An Isle is a long ambient track with beatings which throw their shadows in the murmurs of dark winds. We hear squeaking and doors of metal here to grate, as well as jingles which stamp such as footsteps of mouse. The effect in our ears is like to feel trapped inside a hatch of submarine. The atmospheres increase in a black crescendo to dive into the lively and syncopated rhythm of Through the tunnel where we have the impression to run to lose breath in order to flee the claustrophobic atmosphere of An Isle. The attention to detail here is surprising with a structure which is like an Ambient House but with a jerkier tempo. A tempo knotted with lively oscillations which jump up on a superb meshing of percussions with hits and tones of a disparity which enchants. The melody which floats looks like musical panting which eventually vanish into a finale which melts to the delicate morphic atmospheres of Temporary Residence where a choir of young virgins hums on chords which jump up by taking care of freeing an earworm for our quest of sounds curiosity. After the hollow winds which make trickling the drizzle of the caves in Ante Meridiem, Untouched ends the album with the shadows of carillons which spread their metallic aura among hollow winds and rustles. Fine and more iridescent lines float here and there, contributing to the metallic coolness of the drones and of its spectral choir which roams as much as its murmurs in a lost place of the universe where the ringings and the rain never stop resounding on a pavement of steel.

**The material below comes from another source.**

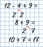 | 12 - 4 + 9 = 17 | 14 - 6 + 5 = 13 |
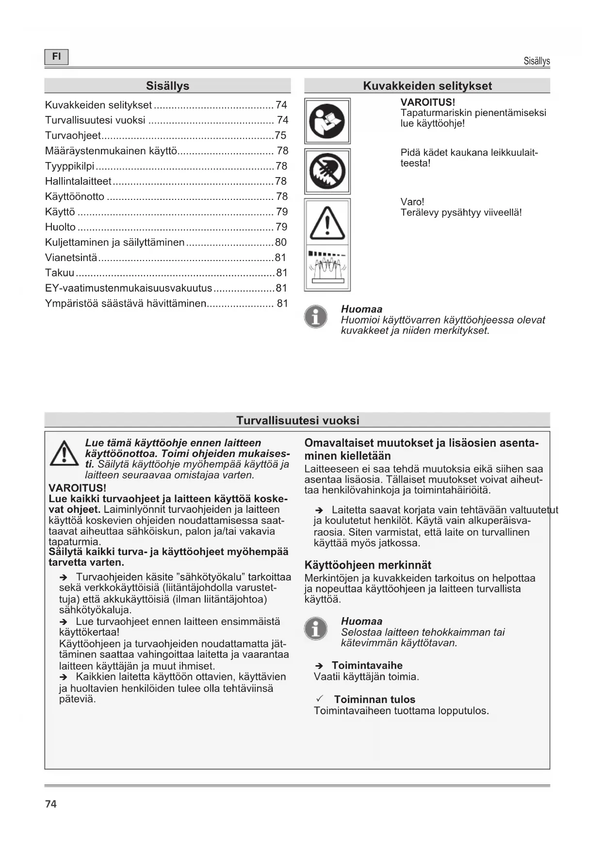 - Turvallisuutesi vuoksi p. 74

Between concrete music, theme music, abstract music and ambient music, POSTANTE succeeds to establish its place because of its structures of rhythms which come from another universe. There is a dramatic mass behind this music which fascinates, and which enlightens the imagination while amazing this sense so precious to the fans of sounds and tones. It's a beautiful album. Strange certainly, but which has the peculiarity to bring us somewhere else.